Very interesting, thanks !


----------



## goldsilverpro (Jun 8, 2007)

I also find this interesting. I used to belong to that forum and made quite a few posts. I spent about 10 years in plating and owned a couple of gold plating shops in L.A. in the'70's. I still enjoy discussing plating. Your post reminded me of the existence of that forum and I rejoined it today. There are many similarities in plating and refining, especially with electrolytic refining processes. Thanks for the reminder.


----------



## austexjwlry (Jun 8, 2007)

They have 3,900 members , most of them would enjoy this forum as much as I have!

I just bought some smb I learned about on this forum, from Austin Home Brew! I'll try it out shortly!

Thank Tou Mr Noxx for all your hard work.

Wayne


----------



## jimdoc (Jun 8, 2007)

Wayne,
I thank you also. Power supply is one of the last items I need to
start with catalytic converter processing. I just don't have the cash 
for a decent one. Building my own sounds alot better, my father is
an electronic technician so I can probably get some help there.
Here is a link I found on there;

http://www.sa-eastcape.co.za/brc/Tech/ZS2AI_PSU/ZS2AI_PSU.htm#SWITCH%

Thanks. Jim


----------



## austexjwlry (Jun 8, 2007)

Jim,

With bulky material like cat. converter scrap I was wondering why you could'nt use multiple p.c. power supplies, pretty much as is with multiple cathodes & anodes in a 5 gallon bucket or even 20 to 55 gallon plastic barrels or drums?

I have at least 20 working power supplies from old computers I've scrapped! Worth some thought. I would'nt care at all if they fryed since they were free!

I'd really like like to know what you hear from your dad.
The site you posted on power supplies is awesome!

Thanks,

Wayne


----------



## jimdoc (Jun 8, 2007)

Wayne,
I have tried a 10 amp manual battery charger with a 5 gallon bucket,
but the charger kept kicking on and off. Everytime it kicks off the metals will drop back into the bucket. I then just hooked it up to my truck, as the alternator will just keep constant amps going. I worked at an alternator shop that closed, and I saved alot of Leece-Neville high output alternators
to try and use, maybe mount it up and run with a motor like a generator.
I now have the polypropylene filter material to make a filter bag to keep
the metals from dropping back in the solution, just have to get around to doing it. Also need a heater to heat the solution as that will help the process.Nice weather is back, so now lack of $$$ is the only problem.
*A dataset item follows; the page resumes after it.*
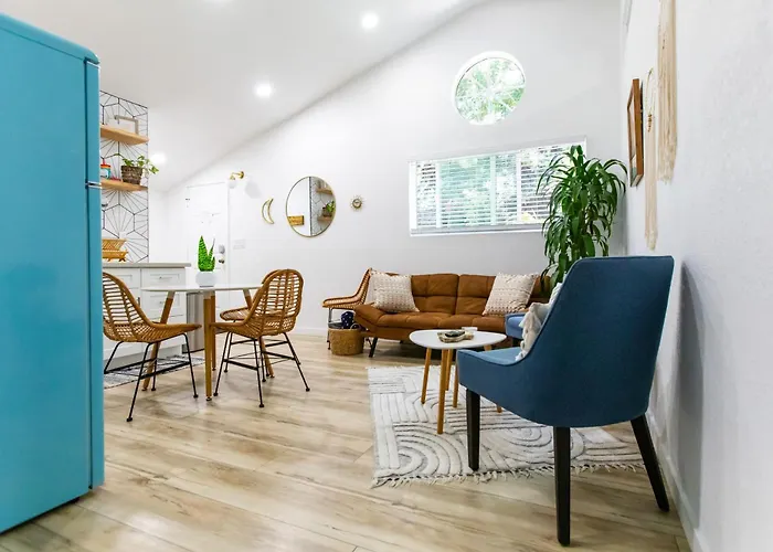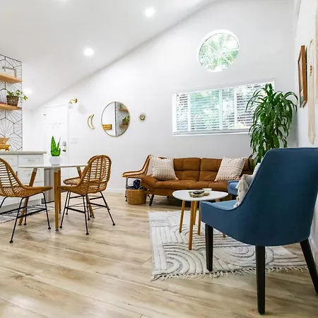 Mit einer Sitzecke, die mit einem Sofa und einem Schreibtisch und zusätzlichen Annehmlichkeiten wie einer Klimaanlage ausgestattet sind, bietet diese Unterkunft höchsten Komfort. Das Stylish Casita Min From The Beach ! bietet auch einen Flachbildfernseher mit Satellitenkanälen und ein Fernsehen mit mehreren Kanälen und Sicherheitseinrichtungen, darunter Rauchmelder, die für Ihre Sicherheit sorgen. Dieses Apartment verfügt außerdem über 1 Bad mit einer getrennten Toilette, einer Badewanne und einer Dusche. Ein Haartrockner, ein Wäschetrockner und Handtücher sind ebenfalls vorhanden.

I found the power supply link on the yahoo electroplating 101 forum that you let us in on. I know what your saying about free power supplies, and not worrying about frying them, I have a bunch also, and there is plenty more where they came from. 
Thanks. Jim


----------



## lmills148 (Jun 8, 2007)

I dont know if it makes a difference but doesn't the power supply in a pc and a battery charger create two different wave shapes?
I think the battery charger uses a half wave rectifier, with an O scope this this would apear as half sine wave without the negative cycle (I think its actually refered to as pulsating dc. Whereas the pc power supply uses a full wave bridge rectifier with a dielectric to filter ripple Voltage to produce DC.
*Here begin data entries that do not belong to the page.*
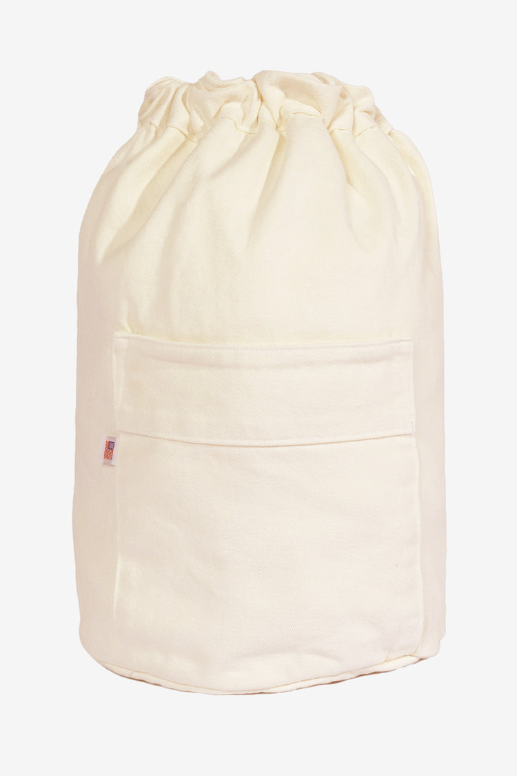 This garment-dyed, bull denim bag has a round-shaped bottom with plenty of height to fill with taller items. It is designed like a backpack with two straps that double also function as a drawstring to keep your belongings safe. We've also added a front pocket for easy access. Our bags are made in our in house factory i
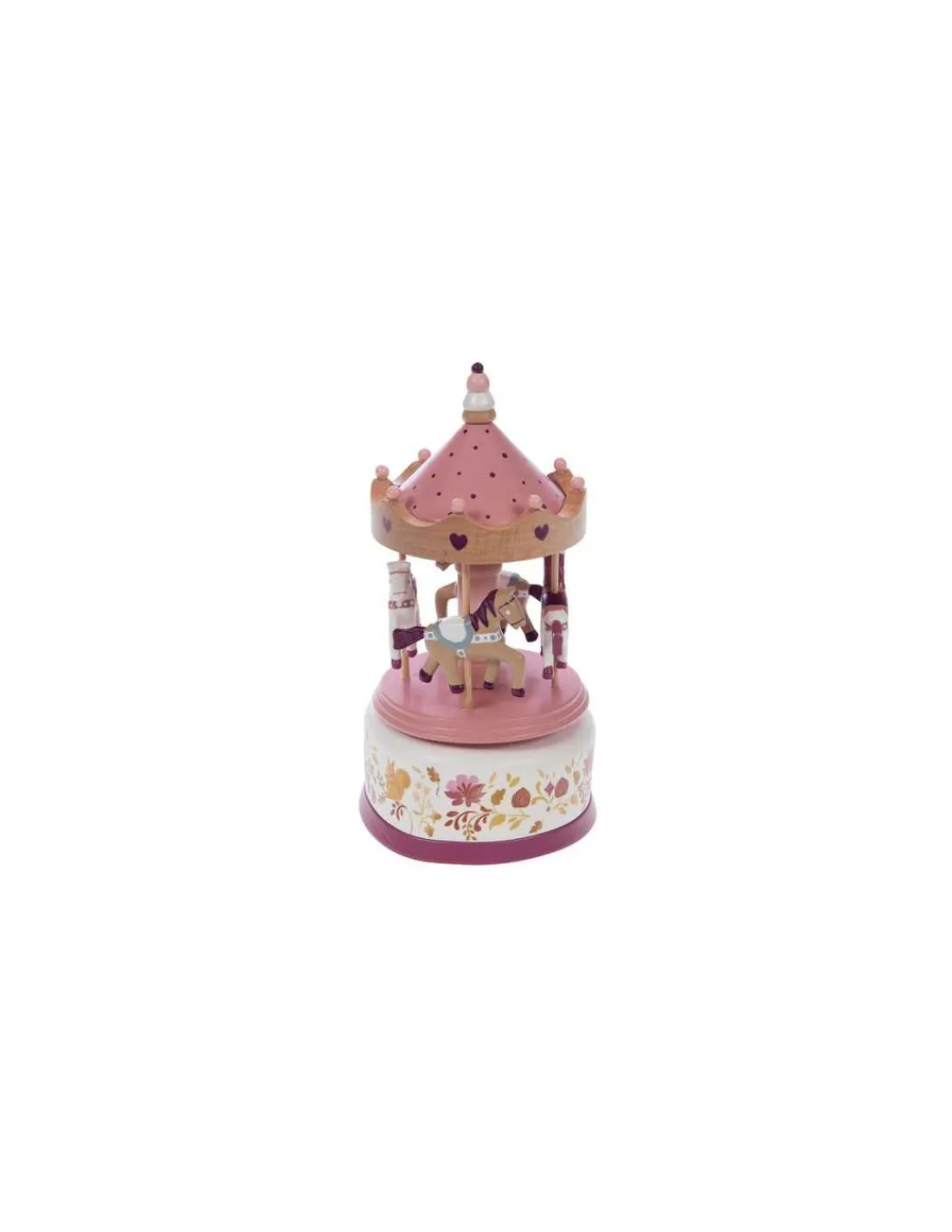 Ce cadeau trouvera sa place dans toutes les chambres d’enfants. Un manège musical où le mécanisme de la boite à musique se remonte en maintenant la partie inférieure du carrousel tout en tournant le chapiteau dans le sens des aiguilles d’une montre.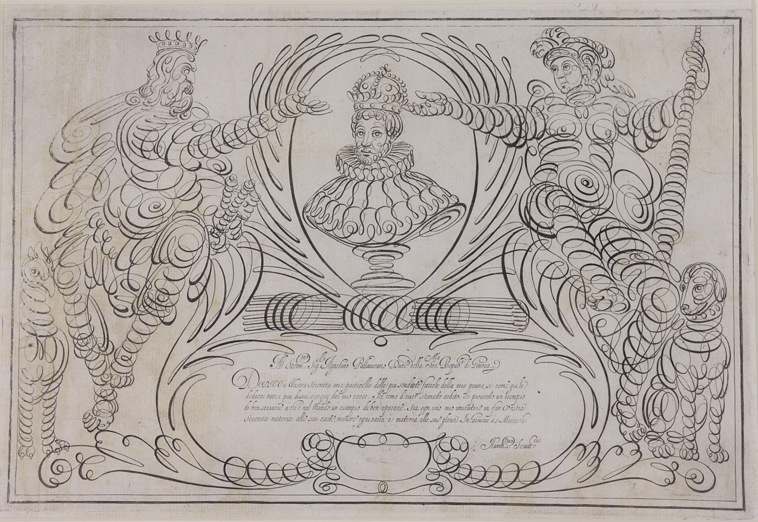 - ISCRIZIONI in basso - AL SEREN.MO SIG. AGOSTINO PALLAVICINO DUCE DELLA SER.MA REPUB.A DI GENOVA/ DEDICO A VOSTRA SERENITÀ UNA PARTICELLA DELLE PIÙ STUDIATE FATICHE DELLA MIA PENNA, SÌ COME GIÀ LE DEDICAII TUTTI I PIÙ DEVOTI OSSEQUJ DEL MIO CUORE. NÈ TEMO D’ESSER STIMATO ARDITO, SE PRESENTO UN ESEMPIO DI BEN SCRIVERE A CHI È NEL MONDO UN ESEMPIO DI BEN OPERARE. SIA OGN UNO MIO IMITATORE IN FAR VOSTRA SERENITÀ MATERIA ALLE SUE CARTE, MENTRE OGNI CARTA È MATERIA ALLE SUE GLORIE. IN GENOVA A 5 MARZO 163./ HUMIL.MO SERVIT.RE - corsivo -

I have been curious though how the different wave shapes effect the plating (or reverse plating) process if anyone could clarify.


----------



## austexjwlry (Jun 8, 2007)

jim,

My dad in Montana and I work with a material called Spectra 900 to manu. bulletproof vests,its a similar material to the fishing gloves you can't cut yourself while filleting fish are made out of.I've thought about cutting off one of the fingers to see if might make a good pouch. If so it can be purchased for about $35. a yard for 3 1/2 oz weight.
Do you buy your material locally?

Thanks


----------



## jimdoc (Jun 8, 2007)

Wayne,
I bought the material from Action Mining, it is what they use in their bags with the System III and System IV machines. 
You can check out the catalog online at ; actionmining.com
Jim


----------



## jimdoc (Jun 8, 2007)

lmills148,
I was told that it is the amps that is important in getting the material to the plates, the voltage can be different, as in differnt types of supplies,
but what I need is the steady amperage. I guess the waves and ripple 
stuff would be important for plating, but I don't think it would be as important in electrowinning or electrorefining.
Check out the site that Wayne listed; Yahoo Tech. group Electroplating 101
It appears to be alot of info do soak up there, I know I will be checking it.
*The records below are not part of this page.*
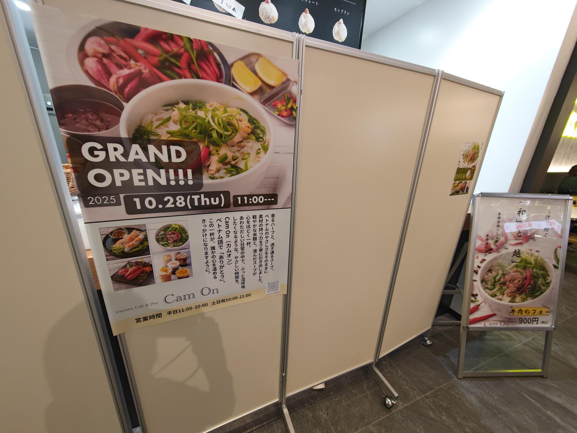 店舗前にはオープンのお知らせが貼ってありました。この記事がアップされる頃にはすでにオープンになっていると思われますが、2025年10月28日(火)にグランドオープンするのは、「Vietnam Cafe&Pho Cam on」という、本場ベトナム首都ハノイで愛されている本格的フォー、ベトナム式コーヒーやタピオカドリンクを販売するお店です。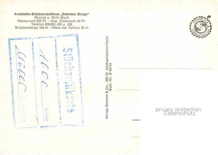 72854505 Holdorf Niedersachsen Autobahn-Brueckenrasthaus Dammer Berge postalisch nicht gelaufen Erhaltung siehe scans [LiesaD40] KatCode: 11110003460005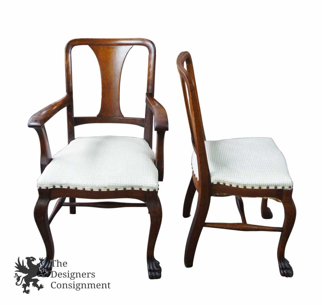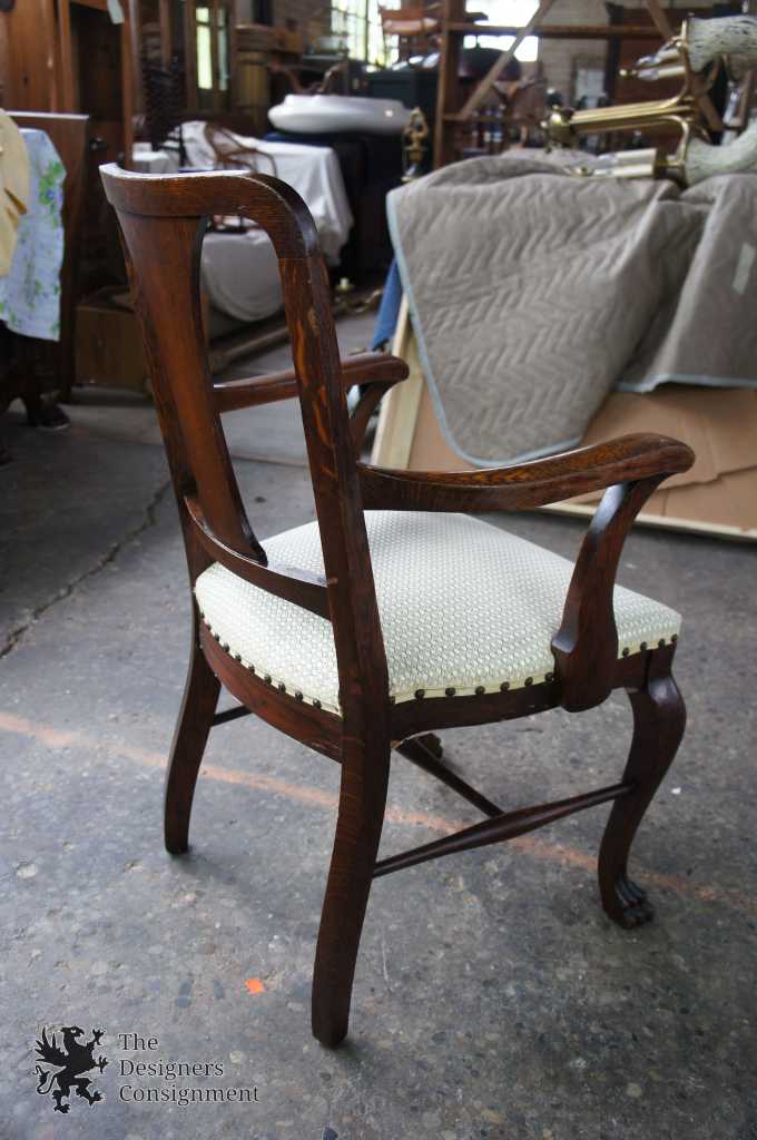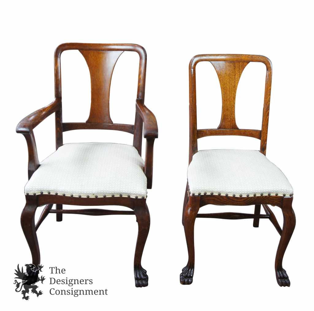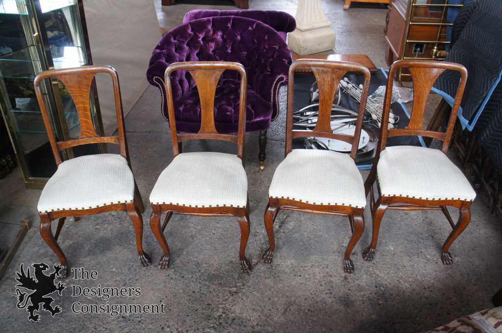 A gorgeous set of six turn of the century solid quarter sawn oak dining chairs. Beautifully designed with curved shoulders, shaped splats and cabriole legs leading to lion paw feet. Covered in a white upholstery with brass nialhead trim. Includes 5 side chairs and one captains chair.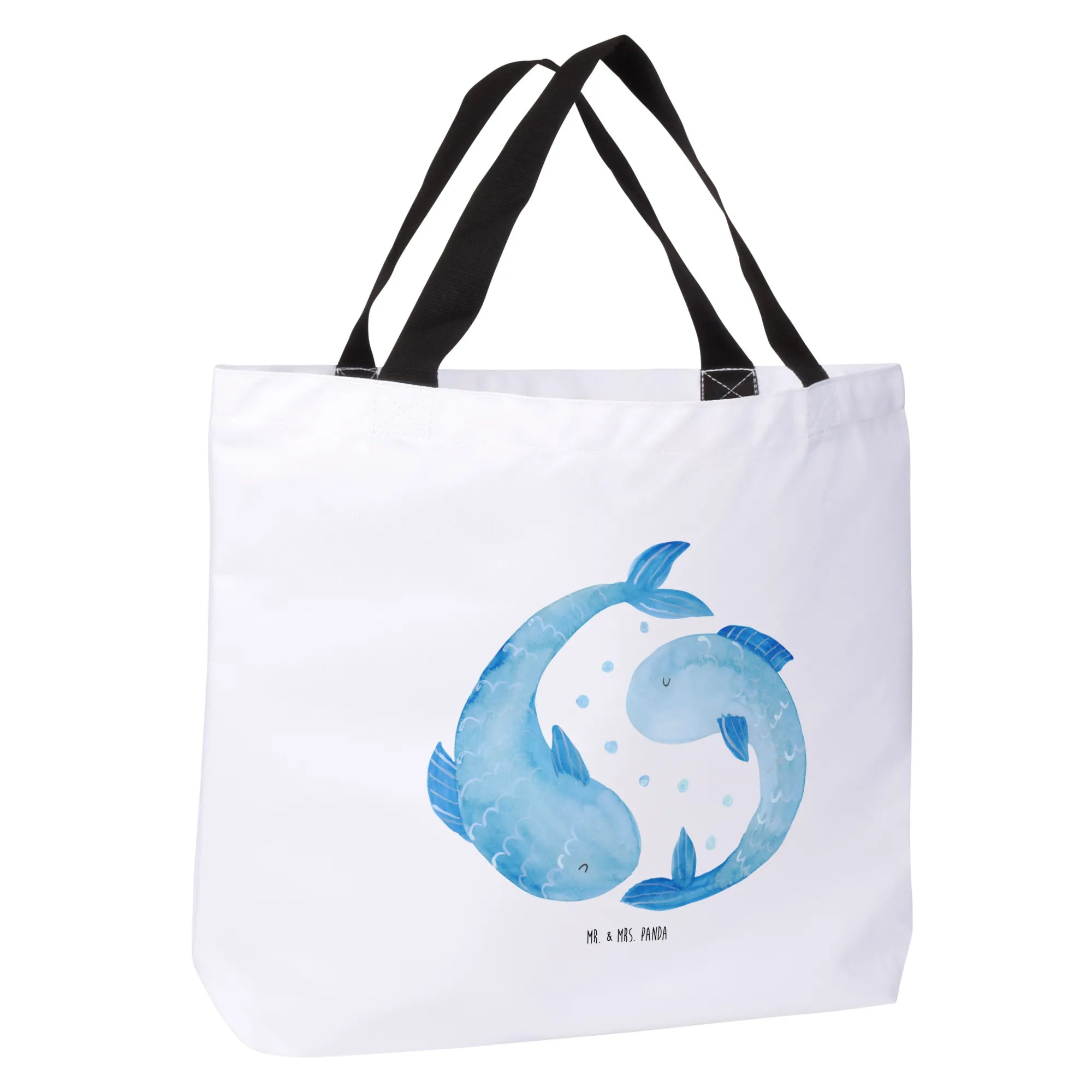 Shopper znak zodiaku Ryby - z napisem - Biały

I got alot of reading to do in studying this, as I still don't fully comprehend
alot of electronic stuff, I need to get my father's input also.
Jim


----------



## lmills148 (Jun 9, 2007)

jimdoc said:


> I was told that it is the amps that is important in getting the material to the plates, the voltage can be different, as in differnt types of supplies,



I have also read this but I dont understand the advantage to the lower voltage, doesn't this create more heat? 



jimdoc said:


> I don't think it would be as important in electrowinning or electrorefining



whats the difference?


----------